CA: What was one of the first signs that you were experiencing symptoms of PTSD?
RM: Well my marriage failed. I was married the first time for 4 years, and spent most of that time away on business. The early 90s were when I started to feel the cost. After my first tour in Afghanistan I felt that something had changed. I understand now that my family was probably walking around on eggshells then, because I had a lot of anger, and it was very vocal. It wasn’t healthy. I was mad for a long time. And my now ex-wife told me to go and get help but I didn’t think there was anything wrong with me.
It really began to come out after my second tour in Afghanistan in 2009. I was the Deputy Commander of the Information Operations Group, and I couldn’t put two sentences together for a business plan. I lost 35 lbs in weight. I was starting to have suicidal thoughts. So I sought help, not on my own, though. A buddy of mine kind of grabbed me by the uniform and asked me what was going on. My body mass was just shrinking from stress, and I even failed my PT test. So I went to my commander and I fell on my sword, and told him that I had to leave because I’m not physically fit to lead. This was on December 9th, 2009.

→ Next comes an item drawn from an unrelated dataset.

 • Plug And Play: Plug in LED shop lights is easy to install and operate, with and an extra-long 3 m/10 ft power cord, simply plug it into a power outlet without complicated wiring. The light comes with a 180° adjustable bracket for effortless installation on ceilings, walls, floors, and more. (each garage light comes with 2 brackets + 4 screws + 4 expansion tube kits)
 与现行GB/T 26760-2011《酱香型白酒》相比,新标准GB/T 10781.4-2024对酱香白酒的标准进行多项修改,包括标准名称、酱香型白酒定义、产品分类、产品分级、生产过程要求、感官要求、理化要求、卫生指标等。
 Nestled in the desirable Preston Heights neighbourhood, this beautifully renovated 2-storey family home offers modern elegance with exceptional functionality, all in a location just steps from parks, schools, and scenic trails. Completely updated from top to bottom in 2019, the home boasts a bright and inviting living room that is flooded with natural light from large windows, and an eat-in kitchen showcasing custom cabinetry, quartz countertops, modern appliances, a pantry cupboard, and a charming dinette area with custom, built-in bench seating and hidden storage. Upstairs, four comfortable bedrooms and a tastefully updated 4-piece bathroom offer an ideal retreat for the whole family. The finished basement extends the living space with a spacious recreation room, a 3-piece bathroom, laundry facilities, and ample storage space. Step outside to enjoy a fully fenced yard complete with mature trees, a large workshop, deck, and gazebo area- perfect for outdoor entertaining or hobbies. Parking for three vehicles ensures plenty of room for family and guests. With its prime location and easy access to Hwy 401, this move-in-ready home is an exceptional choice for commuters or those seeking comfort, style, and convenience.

CA: If you could give yourself advice now about your experience with PTSD, what would it be?
RM: Don’t fight the diagnosis. When you get the diagnosis, you really have to open up your arms to the diagnosis, and not fight it. Because fighting it probably added an extra four years to my recovery, and almost cost me my life. Even when I was getting help – I was on medication, I had therapy – but, I was still fighting it. It’s hard to get through the door the first time, but you have to stop fighting once you get through the door.

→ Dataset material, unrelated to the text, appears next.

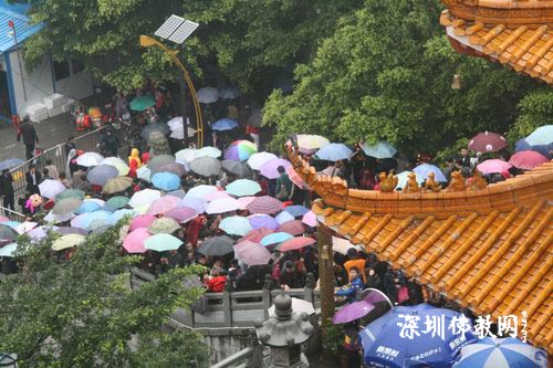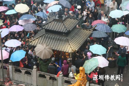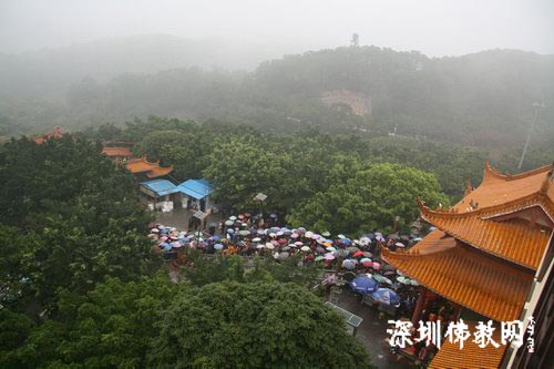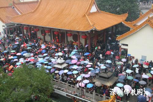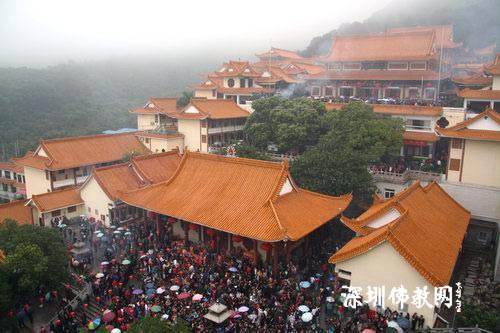 同样是凌晨四点多,方丈印顺大和尚和寺庙的僧人们就起来到大雄宝殿诵经,直到天明。伴着浑厚、 深沉的钟声,诵经声穿过一道道院落至仙湖植物园门口,祈愿世界和平,国泰民安,一年风调雨顺。
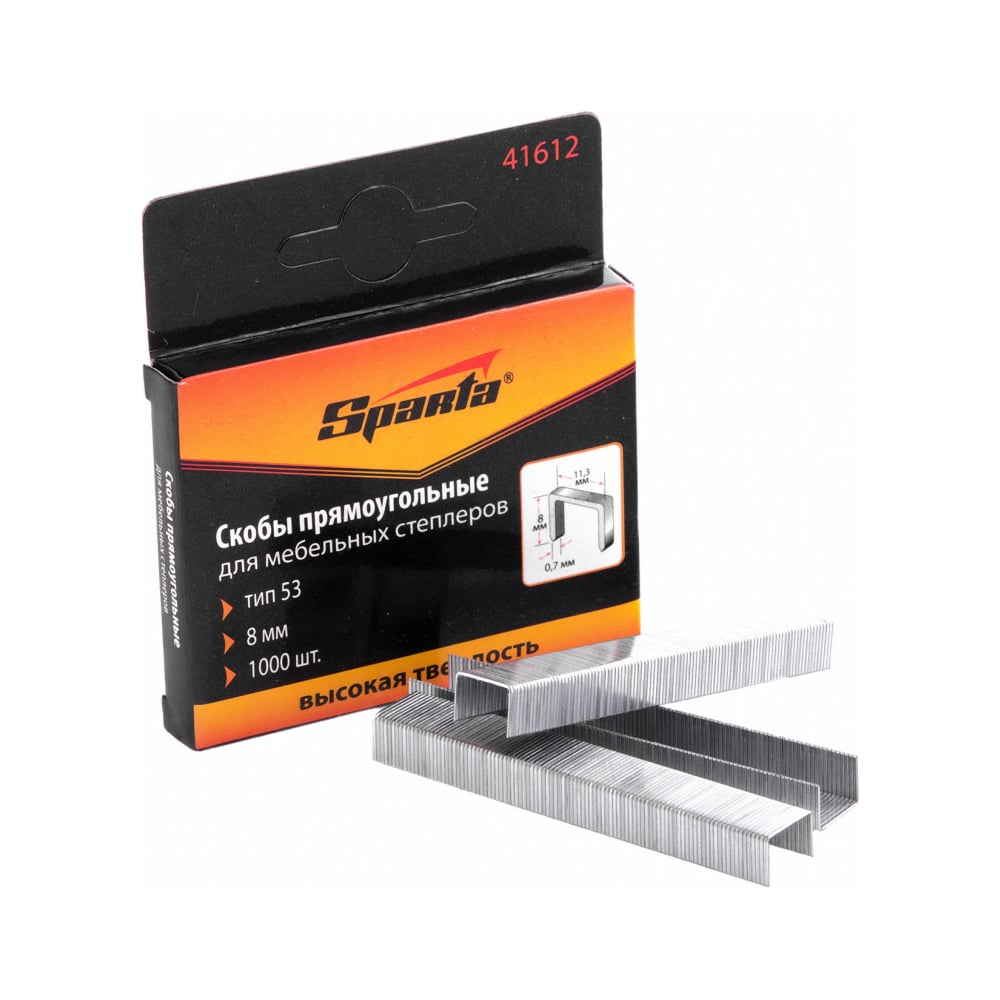 Скобы SPARTA 8 мм, для мебельного степлера, тип 53, 1000 шт. 41612

CA: What do you think about Camp Aftermath’s novel approach to PTSD treatment through active philanthropy?
RM: So the biggest question we all have when we are going through this journey is what to do when we’ve lost our uniform and we’ve lost our identity. I started asking myself these existential questions about a year into therapy. I had read Viktor Frankl’s Man’s Search for Meaning, and in it he talked about purpose. Forget about happiness, happiness is a tangible thing, but happiness will not generate a good life. Happiness is a by-product of a good life which has meaning. So how do you find meaning in your life? You can heal yourself by helping others heal.
CA: What do you think you will gain from participating in Camp Aftermath’s first rotation in 2018?

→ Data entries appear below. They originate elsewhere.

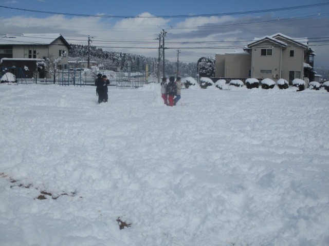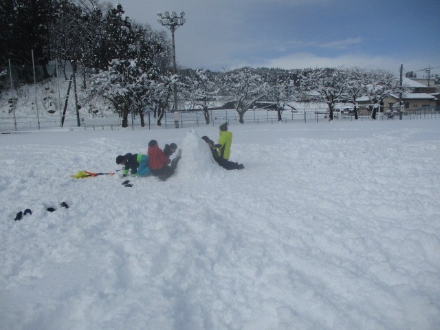 待ちに待った積雪です。3年生は、元気よく雪遊びをしました。かまくらやスフィンクス、雪だるまを作ったり、雪合戦をしたりして、仲よく遊びました。
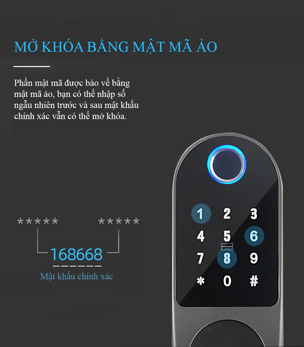 - Công nghệ Mã Số Ảo: cho phép nhập thêm các số trước và sau mã số chống lộ mật khẩu ngay cả khi bị nhìn trực tiếp
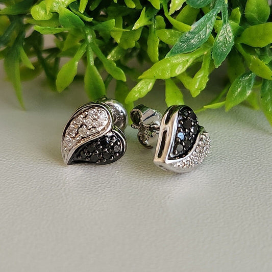 925 Sterling Silver White and Black CZ Cluster Heart Stud Earrings
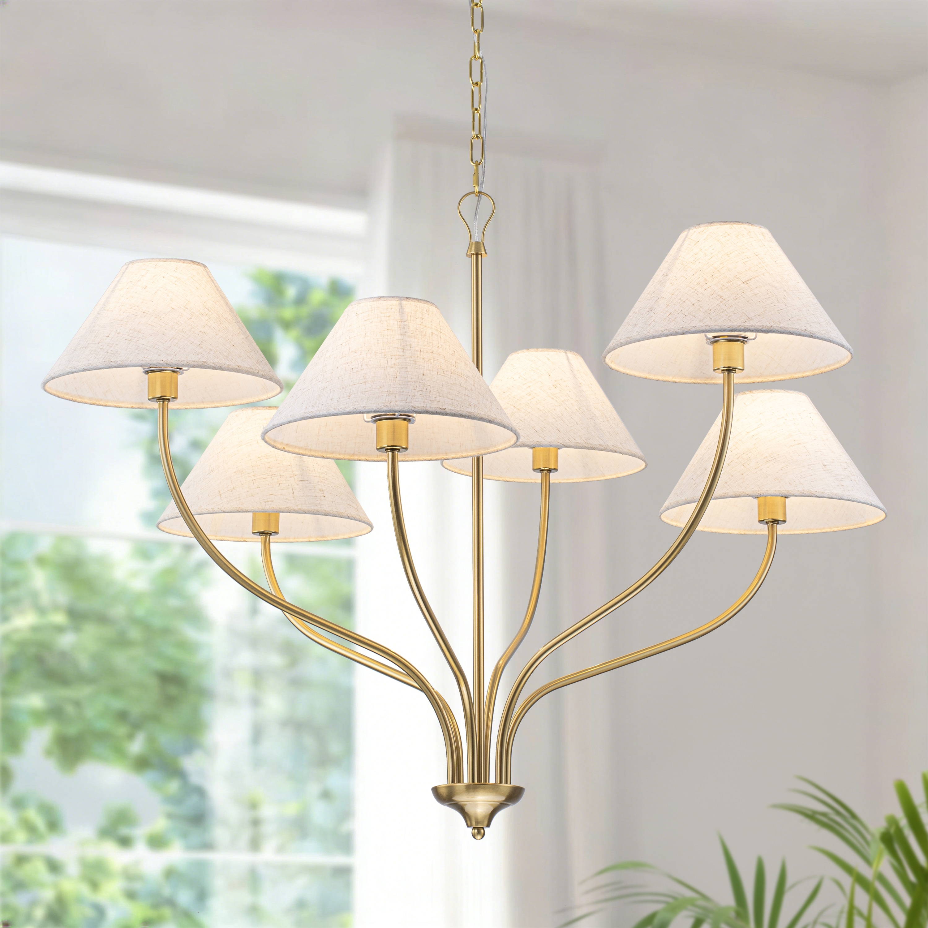 Starsky 6-Light Modern Dimmable Chandelier With White Fabric Shade
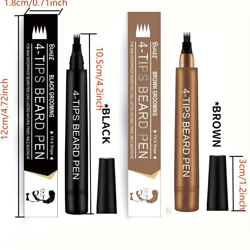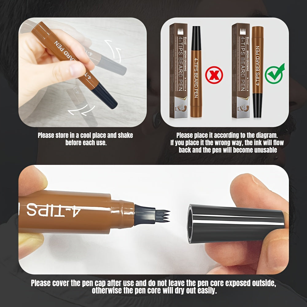 Bolígrafo para barba para hombres, con punta en forma de tenedor de 4 puntas, resistente al sudor, relleno de barba de larga duración

RM: There’s a reason why I want to go to Camp Aftermath, and actually the best way to translate this for other people is to use the model of Maslow’s hierarchy of needs. From physiological, safety, emotional, meaningful, and self-actualization. What I believe is that the Canadian military met all of my needs. So when you lose a career where all of those needs were being met, then you’re in this dark abyss, I looked at all the programs I’d done and I placed them on Maslow’s hierarchy of needs. Project Trauma Support is the only one that fit in the self-actualization category in terms of the hierarchy. And Camp Aftermath is going to do that as well, because it’s going to contribute to someone finding meaning that they can then give back to their society, and which is greater than themselves. The philanthropic piece is really beautiful.
I hope to gain greater understanding of myself. In my quest, at times it’s been rather random. I call it my terrible, marvelous journey. It’s been seven years. And I think Camp Aftermath will give me an even greater understanding of who I am as a human.
Camp Aftermath will contribute to that because I want to know what else I can do in the philanthropic arena. I am volunteering with Project Healing Waters, I’m supporting Project Trauma Support, the Veterans Transitions’ Network’s peer support. I do this because it gives me purpose! In helping others who are not as fortunate as you, you can reach a level of stability where you can grow through your injury. And I think that’s something bigger than yourself.